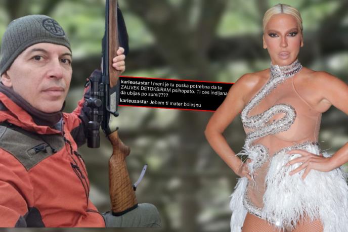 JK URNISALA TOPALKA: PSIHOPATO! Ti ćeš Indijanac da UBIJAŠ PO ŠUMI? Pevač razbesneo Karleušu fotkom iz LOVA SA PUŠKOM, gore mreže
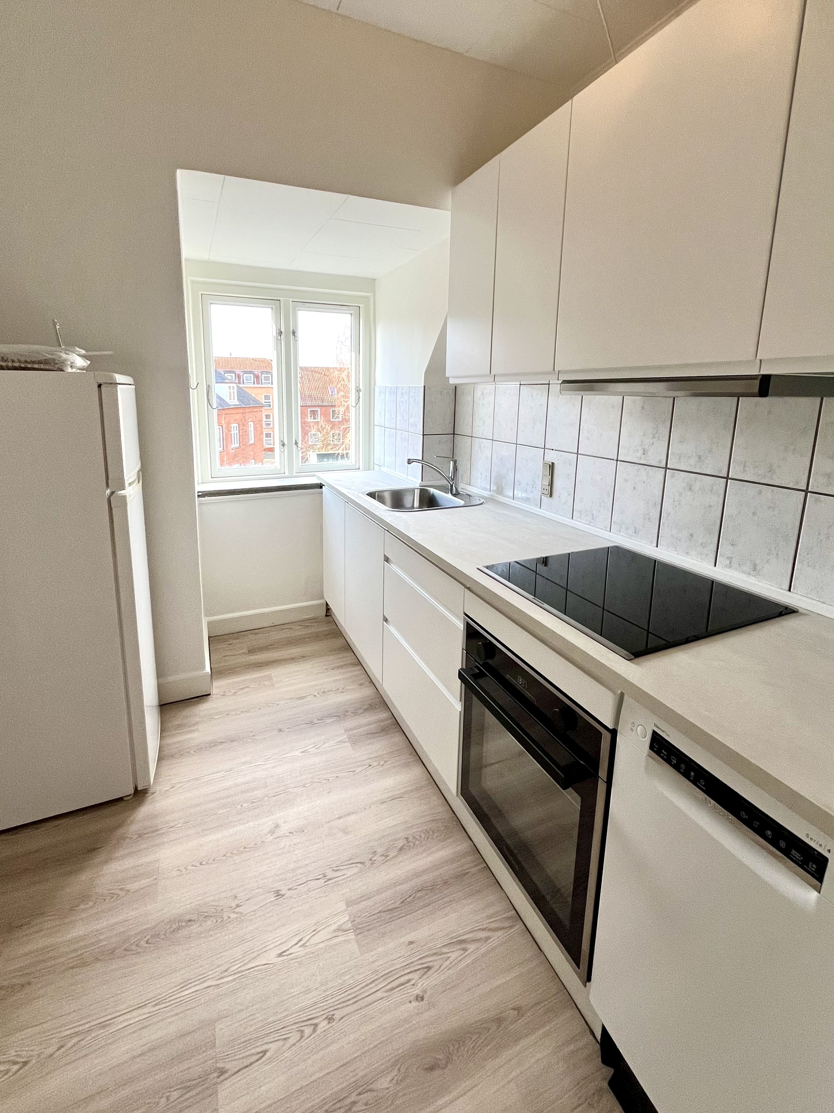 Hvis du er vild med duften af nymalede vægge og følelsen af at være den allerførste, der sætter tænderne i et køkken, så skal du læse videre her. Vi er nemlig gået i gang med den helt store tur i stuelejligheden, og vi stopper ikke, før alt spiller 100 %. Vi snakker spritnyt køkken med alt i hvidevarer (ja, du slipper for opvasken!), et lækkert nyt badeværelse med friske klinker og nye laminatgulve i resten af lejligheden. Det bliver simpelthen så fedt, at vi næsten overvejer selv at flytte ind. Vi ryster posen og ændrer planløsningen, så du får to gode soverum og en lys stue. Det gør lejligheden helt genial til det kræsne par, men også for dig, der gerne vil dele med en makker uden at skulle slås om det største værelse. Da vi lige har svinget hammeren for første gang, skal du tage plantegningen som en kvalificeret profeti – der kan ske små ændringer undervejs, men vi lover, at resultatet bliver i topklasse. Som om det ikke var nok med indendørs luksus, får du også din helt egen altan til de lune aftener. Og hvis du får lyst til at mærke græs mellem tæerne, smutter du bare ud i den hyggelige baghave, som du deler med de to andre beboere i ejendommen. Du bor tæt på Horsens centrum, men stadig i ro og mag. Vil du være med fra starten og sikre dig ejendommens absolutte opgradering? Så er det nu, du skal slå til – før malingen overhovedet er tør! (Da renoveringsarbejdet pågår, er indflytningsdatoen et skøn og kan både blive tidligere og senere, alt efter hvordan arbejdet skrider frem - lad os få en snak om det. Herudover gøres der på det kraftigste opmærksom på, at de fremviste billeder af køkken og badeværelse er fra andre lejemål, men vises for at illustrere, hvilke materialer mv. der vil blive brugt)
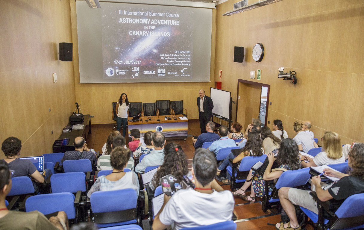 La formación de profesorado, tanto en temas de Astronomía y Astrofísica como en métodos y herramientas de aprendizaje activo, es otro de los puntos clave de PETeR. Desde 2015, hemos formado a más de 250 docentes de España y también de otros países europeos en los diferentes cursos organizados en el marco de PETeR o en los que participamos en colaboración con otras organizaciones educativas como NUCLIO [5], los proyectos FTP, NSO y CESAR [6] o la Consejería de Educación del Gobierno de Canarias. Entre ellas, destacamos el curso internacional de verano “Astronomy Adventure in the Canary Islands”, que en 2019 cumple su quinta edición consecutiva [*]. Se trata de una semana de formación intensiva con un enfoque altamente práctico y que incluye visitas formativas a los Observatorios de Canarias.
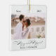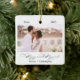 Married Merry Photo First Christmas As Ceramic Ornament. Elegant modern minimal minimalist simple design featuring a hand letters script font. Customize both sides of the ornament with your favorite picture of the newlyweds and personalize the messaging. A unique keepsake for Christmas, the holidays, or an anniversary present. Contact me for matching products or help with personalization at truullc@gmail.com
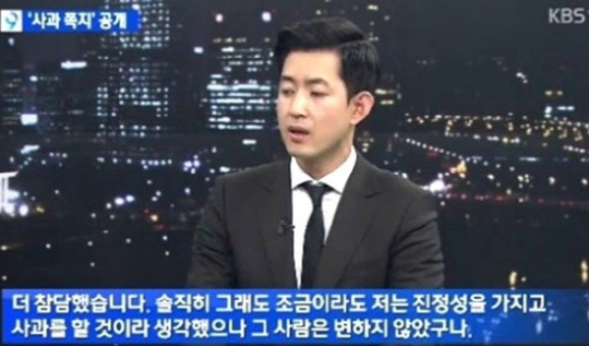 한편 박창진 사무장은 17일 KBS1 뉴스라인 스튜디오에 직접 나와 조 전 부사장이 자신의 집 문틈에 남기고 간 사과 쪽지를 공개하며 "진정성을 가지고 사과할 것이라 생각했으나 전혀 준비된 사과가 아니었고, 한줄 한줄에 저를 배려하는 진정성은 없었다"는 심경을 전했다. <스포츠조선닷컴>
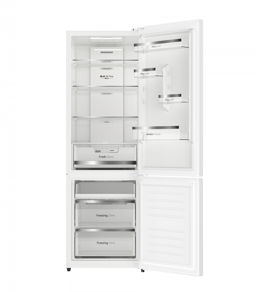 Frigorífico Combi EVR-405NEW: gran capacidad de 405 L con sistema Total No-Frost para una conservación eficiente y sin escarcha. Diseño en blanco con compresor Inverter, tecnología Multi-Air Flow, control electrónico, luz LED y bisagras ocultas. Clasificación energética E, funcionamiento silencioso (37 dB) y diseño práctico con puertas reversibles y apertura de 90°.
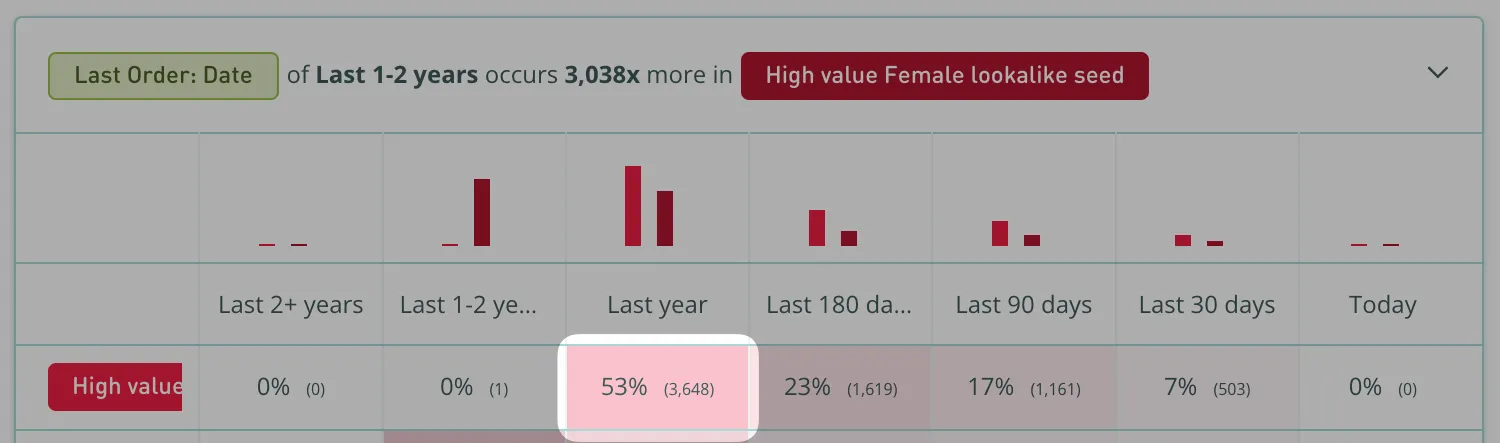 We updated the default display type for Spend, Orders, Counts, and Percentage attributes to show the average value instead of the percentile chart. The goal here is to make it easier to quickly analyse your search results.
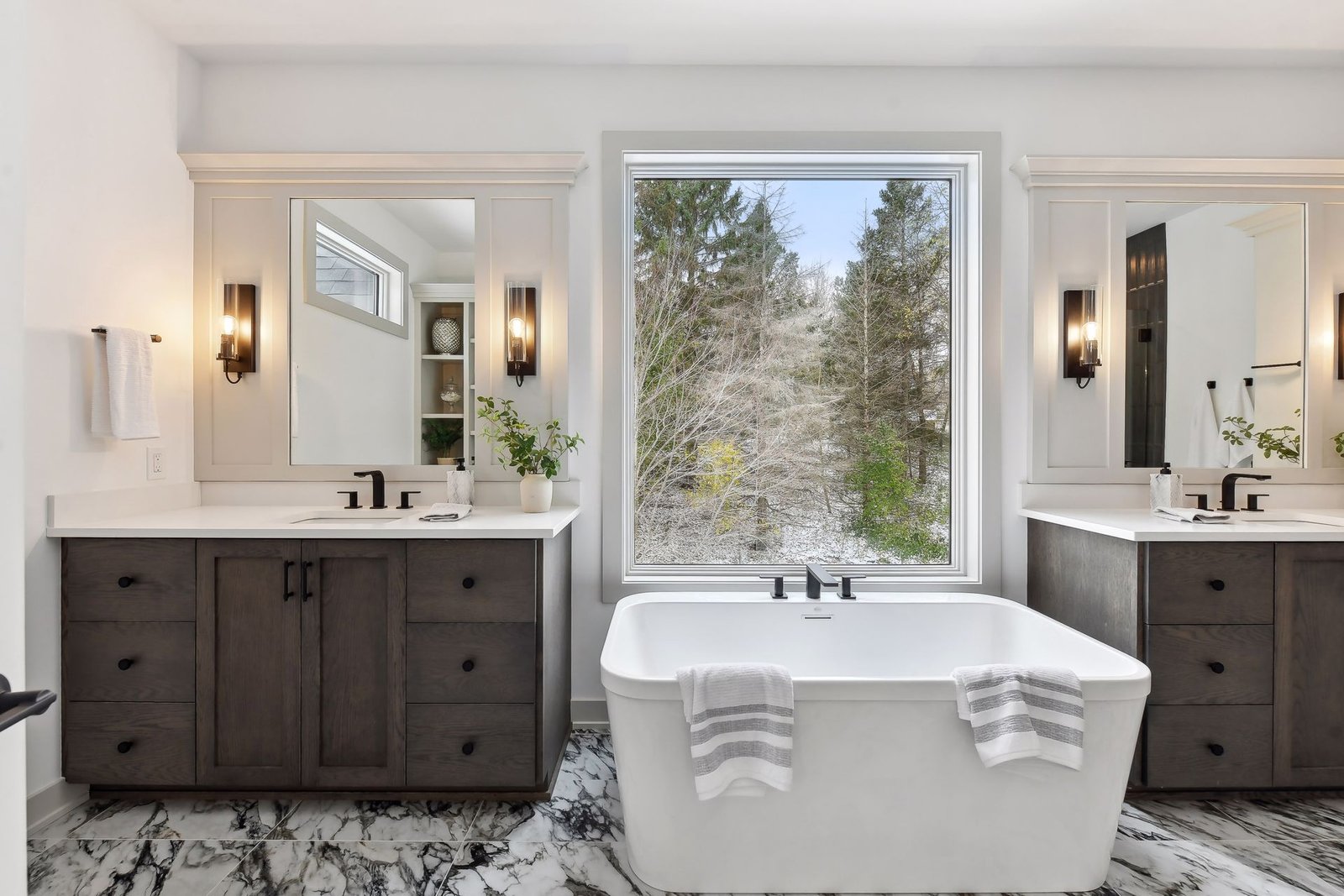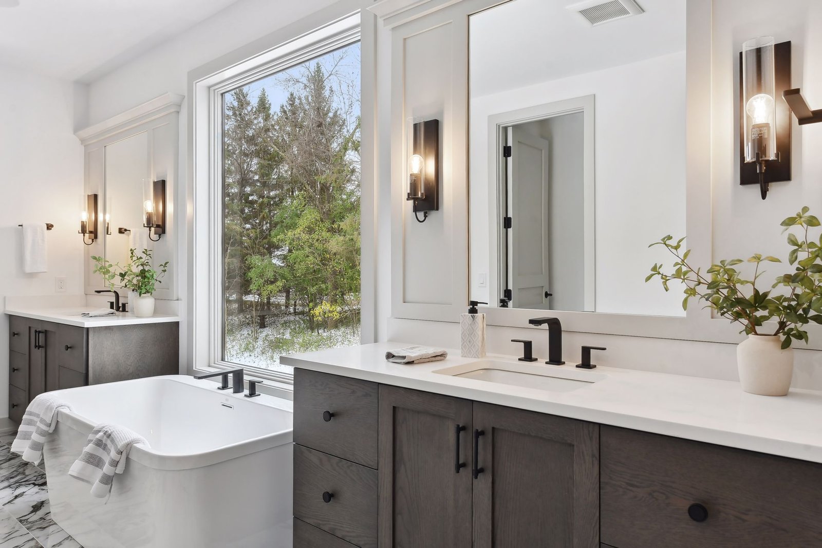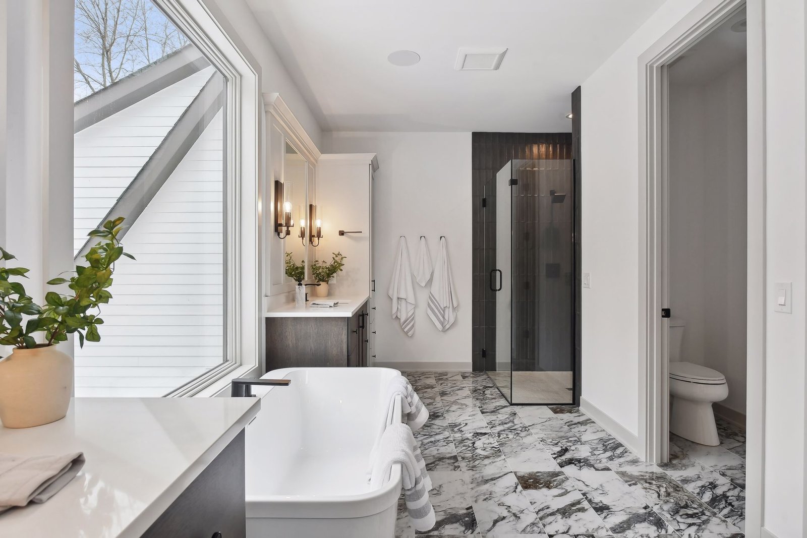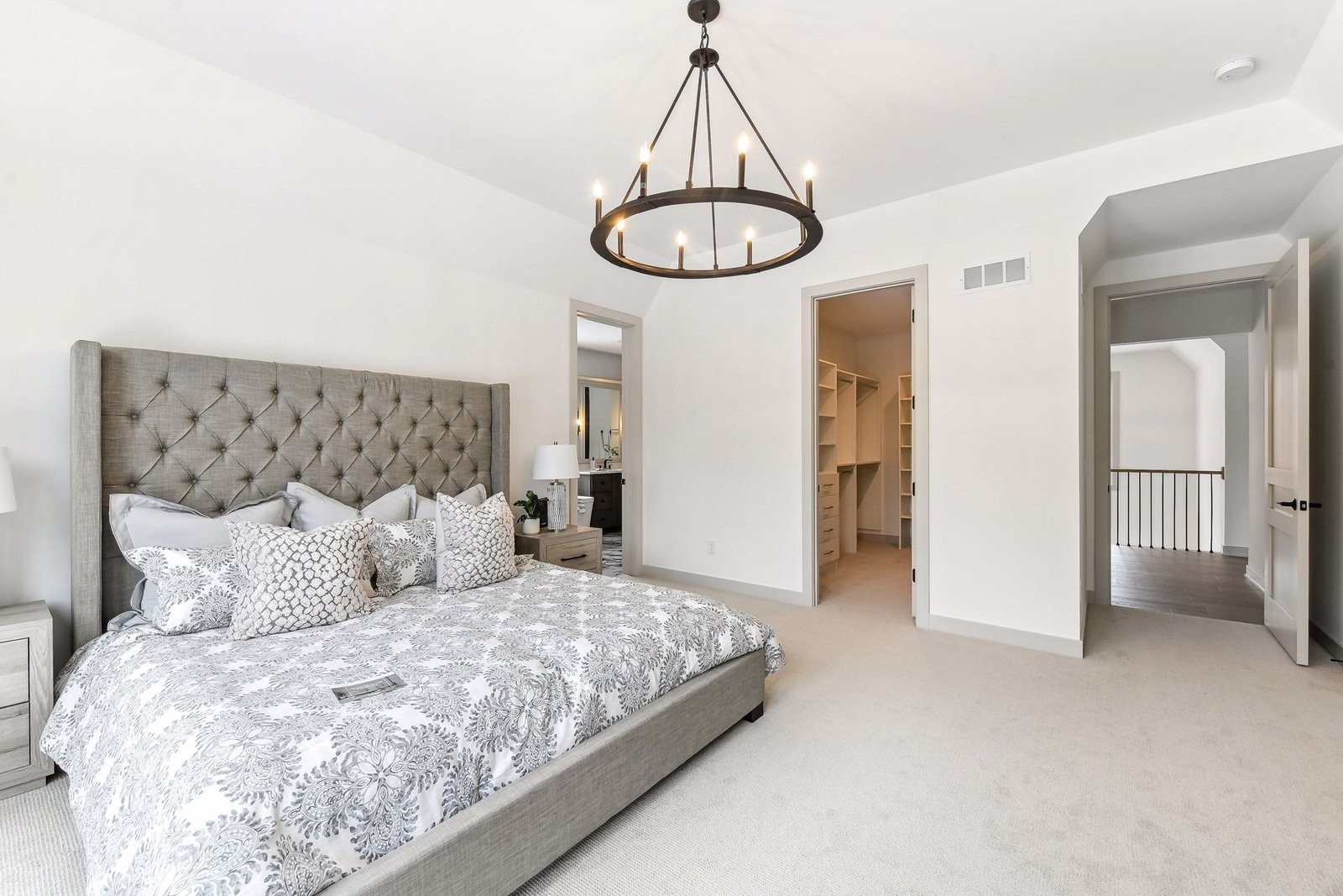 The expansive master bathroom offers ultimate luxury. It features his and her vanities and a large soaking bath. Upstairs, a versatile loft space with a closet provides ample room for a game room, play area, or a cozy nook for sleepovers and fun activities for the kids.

* * * * * * * * *

### What is being asked
Only the lines from the one containing "한편 박창진 사무장은" through the last line of the data above, both included, belong in the reply, each restated exactly and without pictures.

### Solution to this task
 한편 박창진 사무장은 17일 KBS1 뉴스라인 스튜디오에 직접 나와 조 전 부사장이 자신의 집 문틈에 남기고 간 사과 쪽지를 공개하며 "진정성을 가지고 사과할 것이라 생각했으나 전혀 준비된 사과가 아니었고, 한줄 한줄에 저를 배려하는 진정성은 없었다"는 심경을 전했다. <스포츠조선닷컴>
 Frigorífico Combi EVR-405NEW: gran capacidad de 405 L con sistema Total No-Frost para una conservación eficiente y sin escarcha. Diseño en blanco con compresor Inverter, tecnología Multi-Air Flow, control electrónico, luz LED y bisagras ocultas. Clasificación energética E, funcionamiento silencioso (37 dB) y diseño práctico con puertas reversibles y apertura de 90°.
 We updated the default display type for Spend, Orders, Counts, and Percentage attributes to show the average value instead of the percentile chart. The goal here is to make it easier to quickly analyse your search results.
 The expansive master bathroom offers ultimate luxury. It features his and her vanities and a large soaking bath. Upstairs, a versatile loft space with a closet provides ample room for a game room, play area, or a cozy nook for sleepovers and fun activities for the kids.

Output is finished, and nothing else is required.